The ABC sci-fi show ‘Lost’ was one of the most successful on commercial television. (Photo: ABC)

Sci Fi on TV has always had a rough go of it. I guess the most successful examples are “Star Trek” and ABC drama “Lost,” with “The X-Files” riding close behind. TV’s last big, sci fi epic, the time-traveling show “Timeless” was cancelled once, then renewed, than cancelled again.

NBC announced several months back that it’s given the show a proper two-hour closer; which is usually not the norm.

This year’s sci-fi entry is TvT’s “Manifest” on NBC. A plane disappears for five years, then re-appears, with the souls not having aged a day.

The show is well done by creator Jeff Rake, with a ton of fresh faces.
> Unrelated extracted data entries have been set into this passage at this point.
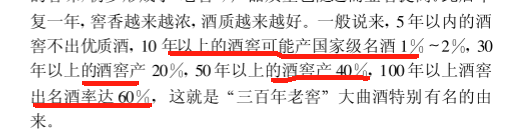 窖池的年龄,决定了其优级酒的出酒率,20年以内新窖一般产不出优级品好酒,50年以上的才能产出20%-30%的优级品好酒,百年以上老窖优级品率更高。
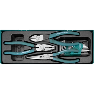 P018SP1 Набор шарнирно-губцевого инструмента, 3 предмета с набором ключей торцевых Н1,5-Н10 мм, 9 предметов в ложементе
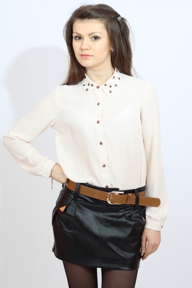 ОписаниеБлузка кремового цвета с длинными рукавами и классическим рубашечным воротником, украшенным крупными заклепками. Выполнена из тонкой шифоновой ткани.

Good show, but episodes go on and on, and nothing is revealed easily.

Sounds a bit like “Lost,” also about a plane crash that veers into the supernatural. Yes, but nowhere near the quality. In “Manifest’s” most recent episode, a shadow-government is briefly teased as the reason for the missing plane. Hmmmm.

That’s been a major problem for audiences; even if they like sci-fi, they’re reluctant to invest in watching regularly for fear the show will be canned, without proper closure.

I watched “Millennium,” “The Whispers,” “Fast Forward” (great one!), “The Event,” “The Dome,” “Jericho,” “The Expanse,” “Being Human,” “Fringe,” “Heroes,” “Incorporated,” “Lost Girl,” “Warehouse 13” and “Revolution.” I really loved them all.

But ABC’s “Lost” certainly grabbed the headlines and intrigue as to what a proper sci-fi show should be: great writing, great mysteries, and, perhaps, most important, a great cast.

I recently watched the pilot again and found it to be as irresistible as I did when I first saw it. Dated? Perhaps, but the characters, their stories and the intrigue were spot-on.

Interestingly, as the streaming and cable offerings increase (everything from Netflix to Amazon Prime), the choice of sci-fi shows seems to be increasing.

Maybe they figure that an audience suited for Netflix and other streaming services is just a tad more targeted for sci-fi.

And, don’t forget CBS’ new pay net, All Access; it has “Star Trek: Discovery.”

So, maybe there’s hope after all. I’ve always liked sci-fi; hopefully presenting a positive future for mankind. Lord, we need it now more than ever.